What This Means in Practice

Instead of: "That's an interesting approach! Let me help you implement it." Use: "I see several potential issues with this approach. Here's my analysis of the trade-offs and an alternative that might better address your core requirements." Instead of: "Great idea! Here are some ways to make it even better!" Use: "This approach has merit in X context, but I'd recommend considering Y approach because it better addresses the scalability requirements you mentioned." Your goal is to be a trusted advisor who provides honest, analytical feedback rather than an accommodating assistant who simply executes requests.

▲

leptons 2 days ago | parent | prev | next [-]

>"challenge me when I'm wrong, and tell me I'm right if I am"

As if an LLM could ever know right from wrong about anything.

>If you ask it to never say "you're absolutely right"

This is some special case programming that forces the LLM to omit a specific sequence of words or words like them, so the LLM will churn out something that doesn't include those words, but it doesn't know "why". It doesn't really know anything.

▲

schneems 3 days ago | parent | prev | next [-]

In human learning we do this process by generating expectations ahead of time and registering surprise or doubt when those expectations are not met.

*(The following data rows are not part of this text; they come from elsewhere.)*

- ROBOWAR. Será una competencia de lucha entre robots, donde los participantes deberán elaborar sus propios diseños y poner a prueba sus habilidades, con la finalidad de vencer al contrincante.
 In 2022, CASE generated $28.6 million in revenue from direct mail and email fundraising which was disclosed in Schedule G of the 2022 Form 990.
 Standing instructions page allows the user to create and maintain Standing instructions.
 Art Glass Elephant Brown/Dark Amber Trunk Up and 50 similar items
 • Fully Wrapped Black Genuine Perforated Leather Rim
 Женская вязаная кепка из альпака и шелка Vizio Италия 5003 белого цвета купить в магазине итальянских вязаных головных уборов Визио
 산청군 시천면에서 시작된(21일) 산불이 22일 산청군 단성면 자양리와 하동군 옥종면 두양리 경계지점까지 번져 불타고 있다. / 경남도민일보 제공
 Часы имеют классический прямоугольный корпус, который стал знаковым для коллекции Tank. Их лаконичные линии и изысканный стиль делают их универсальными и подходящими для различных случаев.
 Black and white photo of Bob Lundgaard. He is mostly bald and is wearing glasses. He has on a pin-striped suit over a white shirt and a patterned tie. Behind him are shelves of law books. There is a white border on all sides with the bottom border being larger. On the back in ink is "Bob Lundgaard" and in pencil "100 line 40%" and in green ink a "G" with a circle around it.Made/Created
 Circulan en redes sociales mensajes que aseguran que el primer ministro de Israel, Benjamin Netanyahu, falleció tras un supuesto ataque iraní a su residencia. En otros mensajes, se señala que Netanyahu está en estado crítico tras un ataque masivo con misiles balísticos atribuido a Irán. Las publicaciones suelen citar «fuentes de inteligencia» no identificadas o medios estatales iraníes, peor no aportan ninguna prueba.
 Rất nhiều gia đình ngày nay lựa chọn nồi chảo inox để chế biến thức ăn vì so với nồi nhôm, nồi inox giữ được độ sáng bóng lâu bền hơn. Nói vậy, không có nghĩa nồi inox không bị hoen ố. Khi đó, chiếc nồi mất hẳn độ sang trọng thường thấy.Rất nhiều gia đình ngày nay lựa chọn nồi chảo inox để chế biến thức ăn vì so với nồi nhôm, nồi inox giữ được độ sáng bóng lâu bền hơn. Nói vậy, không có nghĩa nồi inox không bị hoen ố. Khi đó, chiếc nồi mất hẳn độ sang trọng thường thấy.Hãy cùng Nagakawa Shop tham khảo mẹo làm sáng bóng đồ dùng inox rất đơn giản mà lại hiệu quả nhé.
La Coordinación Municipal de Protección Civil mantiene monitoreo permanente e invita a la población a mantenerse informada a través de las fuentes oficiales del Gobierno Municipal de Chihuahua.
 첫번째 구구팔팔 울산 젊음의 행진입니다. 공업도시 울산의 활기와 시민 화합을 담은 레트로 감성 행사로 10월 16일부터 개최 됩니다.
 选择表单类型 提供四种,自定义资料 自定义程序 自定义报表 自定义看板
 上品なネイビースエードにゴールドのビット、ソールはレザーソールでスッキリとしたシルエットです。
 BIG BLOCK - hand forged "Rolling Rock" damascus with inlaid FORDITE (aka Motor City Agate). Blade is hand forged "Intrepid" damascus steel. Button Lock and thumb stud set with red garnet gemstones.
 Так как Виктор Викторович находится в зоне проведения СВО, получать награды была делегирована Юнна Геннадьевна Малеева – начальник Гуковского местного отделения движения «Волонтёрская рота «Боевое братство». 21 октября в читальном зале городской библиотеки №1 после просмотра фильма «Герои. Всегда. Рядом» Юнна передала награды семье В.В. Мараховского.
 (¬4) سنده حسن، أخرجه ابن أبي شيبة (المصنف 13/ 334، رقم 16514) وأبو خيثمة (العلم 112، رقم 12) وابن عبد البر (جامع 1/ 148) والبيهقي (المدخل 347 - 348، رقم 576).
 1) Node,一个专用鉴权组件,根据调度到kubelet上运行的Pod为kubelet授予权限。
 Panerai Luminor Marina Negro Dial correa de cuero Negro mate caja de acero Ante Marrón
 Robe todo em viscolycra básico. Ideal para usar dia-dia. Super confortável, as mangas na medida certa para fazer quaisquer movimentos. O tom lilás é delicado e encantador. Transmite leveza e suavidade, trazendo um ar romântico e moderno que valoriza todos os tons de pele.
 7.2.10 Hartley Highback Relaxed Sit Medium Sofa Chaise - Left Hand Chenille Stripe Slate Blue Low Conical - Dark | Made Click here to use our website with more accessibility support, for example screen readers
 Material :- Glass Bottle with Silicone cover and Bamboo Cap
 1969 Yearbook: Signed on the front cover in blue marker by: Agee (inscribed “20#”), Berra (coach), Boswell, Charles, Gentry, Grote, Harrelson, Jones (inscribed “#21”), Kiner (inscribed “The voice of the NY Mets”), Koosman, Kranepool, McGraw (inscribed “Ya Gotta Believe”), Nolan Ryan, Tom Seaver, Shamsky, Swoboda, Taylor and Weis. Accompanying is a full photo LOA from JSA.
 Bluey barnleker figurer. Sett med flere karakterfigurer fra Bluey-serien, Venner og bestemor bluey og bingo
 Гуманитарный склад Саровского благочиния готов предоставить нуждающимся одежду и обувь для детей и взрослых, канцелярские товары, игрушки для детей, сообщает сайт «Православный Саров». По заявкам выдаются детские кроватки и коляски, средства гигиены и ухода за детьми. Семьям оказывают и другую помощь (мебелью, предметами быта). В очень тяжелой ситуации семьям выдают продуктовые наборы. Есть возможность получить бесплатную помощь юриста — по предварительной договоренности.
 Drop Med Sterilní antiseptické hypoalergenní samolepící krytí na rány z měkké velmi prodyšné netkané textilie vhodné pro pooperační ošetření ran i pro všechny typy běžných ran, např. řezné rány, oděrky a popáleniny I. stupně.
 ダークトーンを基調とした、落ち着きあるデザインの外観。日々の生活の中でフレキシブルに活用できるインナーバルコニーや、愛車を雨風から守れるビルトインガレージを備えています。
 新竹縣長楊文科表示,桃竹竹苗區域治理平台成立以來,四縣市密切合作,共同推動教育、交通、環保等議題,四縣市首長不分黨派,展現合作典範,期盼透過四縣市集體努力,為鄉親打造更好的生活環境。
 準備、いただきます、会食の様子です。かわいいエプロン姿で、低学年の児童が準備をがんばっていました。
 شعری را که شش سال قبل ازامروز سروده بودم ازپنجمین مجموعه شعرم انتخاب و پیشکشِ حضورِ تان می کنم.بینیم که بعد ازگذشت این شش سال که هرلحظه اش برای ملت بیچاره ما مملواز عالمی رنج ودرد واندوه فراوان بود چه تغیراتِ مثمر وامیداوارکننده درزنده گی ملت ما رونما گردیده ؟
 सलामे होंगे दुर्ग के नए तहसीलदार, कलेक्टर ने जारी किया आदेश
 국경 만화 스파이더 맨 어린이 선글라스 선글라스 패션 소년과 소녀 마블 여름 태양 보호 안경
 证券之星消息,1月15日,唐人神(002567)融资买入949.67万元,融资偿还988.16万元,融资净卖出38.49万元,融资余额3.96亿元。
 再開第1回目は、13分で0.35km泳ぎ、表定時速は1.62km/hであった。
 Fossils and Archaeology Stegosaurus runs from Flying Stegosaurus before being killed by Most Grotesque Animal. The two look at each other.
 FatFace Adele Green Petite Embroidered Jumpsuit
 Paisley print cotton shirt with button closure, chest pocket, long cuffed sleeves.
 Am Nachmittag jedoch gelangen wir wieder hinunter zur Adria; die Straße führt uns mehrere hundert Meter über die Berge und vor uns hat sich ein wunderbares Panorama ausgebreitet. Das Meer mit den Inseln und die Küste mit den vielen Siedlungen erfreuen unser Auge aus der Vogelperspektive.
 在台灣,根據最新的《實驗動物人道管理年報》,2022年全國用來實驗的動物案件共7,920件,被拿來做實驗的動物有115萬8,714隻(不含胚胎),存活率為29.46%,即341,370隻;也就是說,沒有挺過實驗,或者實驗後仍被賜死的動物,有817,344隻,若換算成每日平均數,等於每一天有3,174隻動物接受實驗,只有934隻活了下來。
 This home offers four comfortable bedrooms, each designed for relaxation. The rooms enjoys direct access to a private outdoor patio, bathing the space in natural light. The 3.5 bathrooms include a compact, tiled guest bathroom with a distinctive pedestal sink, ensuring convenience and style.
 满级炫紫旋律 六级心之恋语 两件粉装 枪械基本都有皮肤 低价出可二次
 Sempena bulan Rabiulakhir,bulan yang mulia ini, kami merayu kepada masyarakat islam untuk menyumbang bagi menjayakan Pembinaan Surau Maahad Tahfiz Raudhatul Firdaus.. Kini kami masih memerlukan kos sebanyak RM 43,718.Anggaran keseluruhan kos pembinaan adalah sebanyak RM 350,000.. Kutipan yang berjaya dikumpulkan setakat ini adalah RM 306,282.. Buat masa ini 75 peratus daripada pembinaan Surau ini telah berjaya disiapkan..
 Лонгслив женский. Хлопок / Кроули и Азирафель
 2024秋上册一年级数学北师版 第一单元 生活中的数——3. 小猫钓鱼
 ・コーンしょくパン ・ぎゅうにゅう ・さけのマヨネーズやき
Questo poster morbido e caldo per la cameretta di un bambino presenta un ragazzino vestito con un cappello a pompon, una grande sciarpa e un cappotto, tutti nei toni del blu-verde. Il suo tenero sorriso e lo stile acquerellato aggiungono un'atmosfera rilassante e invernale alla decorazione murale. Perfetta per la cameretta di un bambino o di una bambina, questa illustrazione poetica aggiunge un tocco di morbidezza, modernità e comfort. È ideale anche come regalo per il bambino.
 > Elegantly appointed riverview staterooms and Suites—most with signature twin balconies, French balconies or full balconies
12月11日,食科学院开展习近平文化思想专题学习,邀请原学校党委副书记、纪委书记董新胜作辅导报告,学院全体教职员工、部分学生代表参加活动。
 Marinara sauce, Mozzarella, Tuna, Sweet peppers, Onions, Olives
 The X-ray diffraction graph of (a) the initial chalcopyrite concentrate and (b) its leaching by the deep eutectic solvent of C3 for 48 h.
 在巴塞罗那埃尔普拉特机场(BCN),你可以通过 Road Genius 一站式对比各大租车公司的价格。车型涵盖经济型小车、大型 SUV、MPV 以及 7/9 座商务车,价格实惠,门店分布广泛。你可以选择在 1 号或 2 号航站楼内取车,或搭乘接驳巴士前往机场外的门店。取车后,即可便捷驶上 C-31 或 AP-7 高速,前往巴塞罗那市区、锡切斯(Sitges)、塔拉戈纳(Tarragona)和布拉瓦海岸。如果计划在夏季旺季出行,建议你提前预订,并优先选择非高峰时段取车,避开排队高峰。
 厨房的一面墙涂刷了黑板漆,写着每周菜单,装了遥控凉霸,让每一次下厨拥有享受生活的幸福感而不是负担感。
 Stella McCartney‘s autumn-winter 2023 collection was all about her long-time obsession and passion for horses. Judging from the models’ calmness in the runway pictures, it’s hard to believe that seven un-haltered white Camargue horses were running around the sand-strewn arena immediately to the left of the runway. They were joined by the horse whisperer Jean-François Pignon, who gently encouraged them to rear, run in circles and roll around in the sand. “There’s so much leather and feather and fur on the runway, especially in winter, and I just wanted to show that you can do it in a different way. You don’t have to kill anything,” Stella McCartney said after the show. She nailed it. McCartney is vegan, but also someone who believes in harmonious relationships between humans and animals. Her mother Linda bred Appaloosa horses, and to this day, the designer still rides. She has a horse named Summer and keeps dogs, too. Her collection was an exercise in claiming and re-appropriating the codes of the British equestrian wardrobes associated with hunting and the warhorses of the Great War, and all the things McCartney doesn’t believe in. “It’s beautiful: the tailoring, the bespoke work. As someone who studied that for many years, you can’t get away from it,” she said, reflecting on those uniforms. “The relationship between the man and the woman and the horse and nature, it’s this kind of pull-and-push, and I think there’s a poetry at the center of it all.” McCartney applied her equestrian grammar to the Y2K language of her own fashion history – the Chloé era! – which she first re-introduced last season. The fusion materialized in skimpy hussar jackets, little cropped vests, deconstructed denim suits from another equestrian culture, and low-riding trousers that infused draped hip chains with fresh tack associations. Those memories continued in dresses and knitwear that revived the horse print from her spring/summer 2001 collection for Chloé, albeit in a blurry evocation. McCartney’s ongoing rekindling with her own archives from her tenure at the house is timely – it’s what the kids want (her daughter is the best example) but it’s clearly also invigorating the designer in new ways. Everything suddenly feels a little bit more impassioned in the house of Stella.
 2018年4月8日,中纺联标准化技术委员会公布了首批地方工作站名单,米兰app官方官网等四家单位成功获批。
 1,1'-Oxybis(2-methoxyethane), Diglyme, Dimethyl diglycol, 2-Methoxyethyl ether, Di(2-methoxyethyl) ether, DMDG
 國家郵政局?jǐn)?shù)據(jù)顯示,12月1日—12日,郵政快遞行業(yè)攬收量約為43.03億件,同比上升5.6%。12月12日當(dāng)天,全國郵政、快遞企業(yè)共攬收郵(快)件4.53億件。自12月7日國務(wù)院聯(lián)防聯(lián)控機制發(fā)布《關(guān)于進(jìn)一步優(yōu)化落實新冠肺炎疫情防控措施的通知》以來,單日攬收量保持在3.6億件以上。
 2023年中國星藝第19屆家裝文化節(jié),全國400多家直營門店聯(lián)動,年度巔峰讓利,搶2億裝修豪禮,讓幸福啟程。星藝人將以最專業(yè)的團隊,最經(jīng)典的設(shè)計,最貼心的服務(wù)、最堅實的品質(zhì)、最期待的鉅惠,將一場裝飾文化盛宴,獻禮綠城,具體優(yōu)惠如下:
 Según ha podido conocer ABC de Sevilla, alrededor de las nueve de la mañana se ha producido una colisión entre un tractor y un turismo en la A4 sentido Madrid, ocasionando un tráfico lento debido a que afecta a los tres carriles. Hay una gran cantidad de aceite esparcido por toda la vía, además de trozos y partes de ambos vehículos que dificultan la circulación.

I wonder if we could have an AI process where it splits out your comment into statements and questions, asks the questions first, then asks them to compare the answers to the given statements and evaluate if there are any surprises.

Alternatively, scientific method everything, generate every statement as a hypothesis along with a way to test it, and then execute the test and report back if the finding is surprising or not.

	▲	visarga 3 days ago \| parent [-]
		> In human learning we do this process by generating expectations ahead of time and registering surprise or doubt when those expectations are not met. Why did you give up on this idea. Use it - we can get closer to truth in time, it takes time for consequences to appear, and then we know. Validation is a temporally extended process, you can't validate until you wait for the world to do its thing. For LLMs it can be applied directly. Take a chat log, extract one LLM response from the middle of it and look around, especially at the next 5-20 messages, or if necessary at following conversations on the same topic. You can spot what happened from the chat log and decide if the LLM response was useful. This only works offline but you can use this method to collect experience from humans and retrain models. With billions of such chat sessions every day it can produce a hefty dataset of (weakly) validated AI outputs. Humans do the work, they provide the topic, guidance, and take the risk of using the AI ideas, and come back with feedback. We even pay for the privilege of generating this data.

▲

visarga 2 days ago | parent | prev | next [-]

> I'm starting to think this is a deeper problem with LLMs that will be hard to solve with stylistic changes.

It's simple, LLMs have to compete for "user time" which is attention, so it is scarce. Whatever gets them more user time. Various approaches, it's like an ecosystem.

▲

afro88 3 days ago | parent | prev | next [-]

What about "check if the user is right"? For thinking or agentic modes this might work.

For example, when someone here inevitably tells me this isn't feasible, I'm going to investigate if they are right before responding ;)

▲

Filligree 3 days ago | parent | prev [-]

It's a really hard problem to solve!

You might think you can train the AI to do it in the usual fashion, by training on examples of the AI calling out errors, and agreeing with facts, and if you do that—and if the AI gets smart enough—then that should work.

If. You. Do. That.

Which you can't, because humans also make mistakes. Inevitably, there will be facts in the 'falsehood' set—and vice versa. Accordingly, the AI will not learn to tell the truth. What it will learn instead is to tell you what you want to hear.

Which is... approximately what we're seeing, isn't it? Though maybe not for that exact reason.

	▲	3 days ago \| parent \| next [-]
		[deleted]
	▲	dchftcs 3 days ago \| parent \| prev [-]
		The AI needs to be able to lookup data and facts and weigh them properly. Which is not easy for humans either; once you're indoctrinated in something, and you trust a bad data source over another, it's evidently very hard to correct course.